Lasiopetalum baueri, commonly known as slender velvet bush, is a species of flowering plant in the family Malvaceae and is endemic to south-eastern Australia. It is a small, greyish shrub with more or less linear to narrowly oblong or narrowly elliptic leaves and groups of white or pink flowers.

==Description==
Lasiopetalum baueri is a greyish, densely foliaged, spreading shrub 0.3–1.5 m high and 1–2.5 m wide, its new growth prominently covered with red-brown hair. The leaves are linear to narrowly oblong or narrowly elliptic, 15–80 mm long and 2–12 mm wide on a petiole 2–4 mm long, the margins flat or turned downwards. Hairy below, they become smooth above over time. The flowers are arranged in sometimes crowded groups of two to six with three bracteoles 1.4–3.0 mm long at the base. The sepals are 3.4–5.7 mm long and usually pink or white with a green base, the outer surface densely covered with star-shaped hairs. The petals are less than 1 mm long and the anthers are reddish-brown and about 1.5 mm long. Flowering occurs from September to November and the fruit is a densely hairy capsule 4–8 mm in diameter.

==Taxonomy==
Lasiopetalum baueri was first formally described in 1806 by Joachim Steetz in Lehmann's Plantae Preissianae from specimens collected by the botanical illustrator Ferdinand Bauer. The specific epithet (baueri) honours the collector of the type specimens.

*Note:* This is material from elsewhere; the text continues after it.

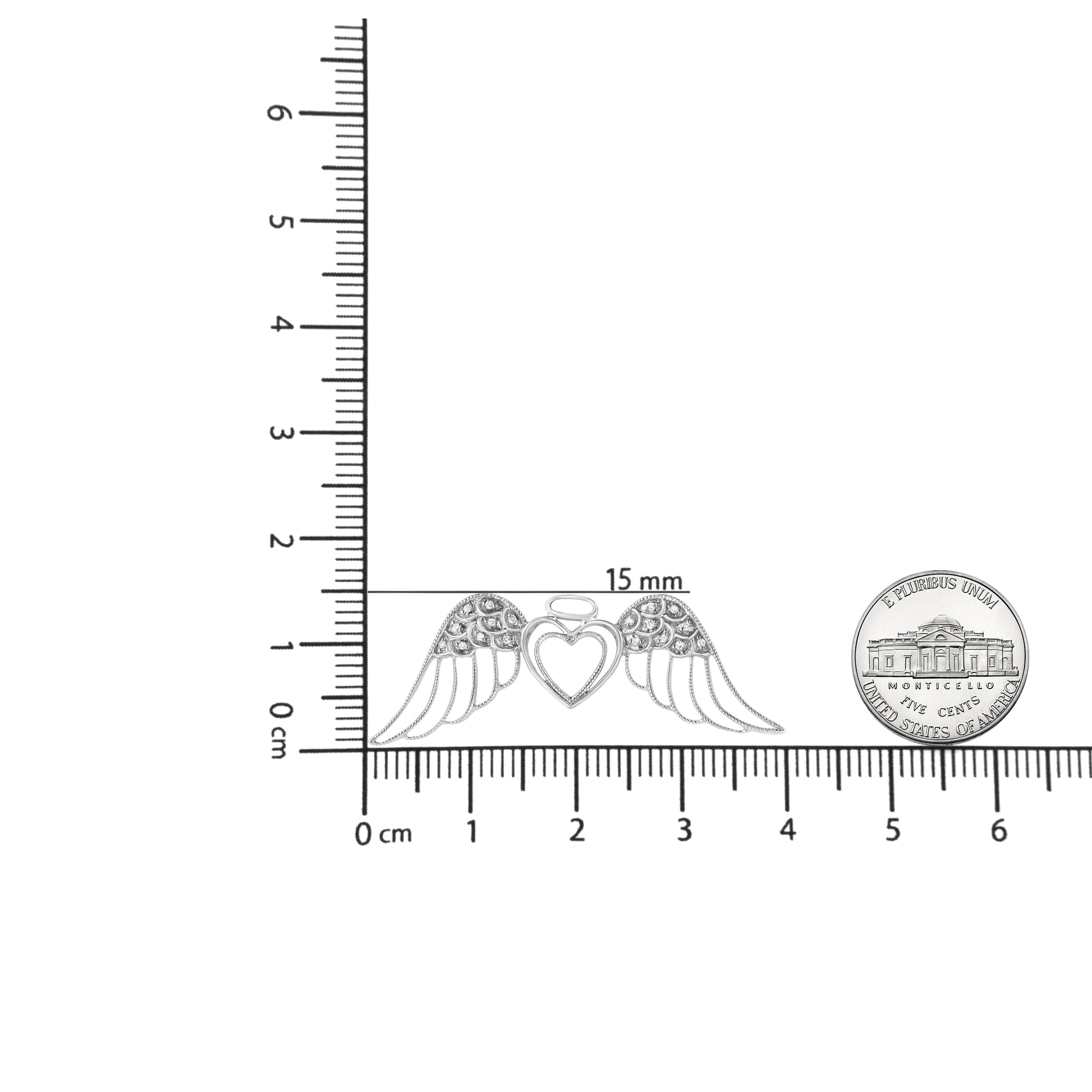 Present this sweet and stylish designed diamond angel wings to her. This sterling silver pendant features a glistening heart flies on brightly polished widespread angel's wings embellished with 18 pave set round cut diamonds. This whimsical pendant hangs from a beautiful cable chain. Total diamond weight is 1/20 ctw.

==Distribution and habitat==
Slender velvet bush is found in southern South Australia, central and western Victoria, and southwestern New South Wales where it is confined to the vicinity of Rankins Springs, and in the north-east of Tasmania. It grows in mallee communities or coastal cliffs on sandy soil over limestone, the top layer of soil often neutral to acidic, while the subsoil is highly alkaline.

==Conservation status==
This lasiopetalum is listed as "rare" under the Tasmanian Government Threatened Species Protection Act 1995.

==Use in horticulture==
Lasiopetalum baueri can be readily grown in dryer climates in well-drained soils and sunny aspects, and is used as a windbreak or hedge. It responds well to being pruned. It was introduced into cultivation in England in 1868. The dried flowers are long-lasting and have potential as a cut flower.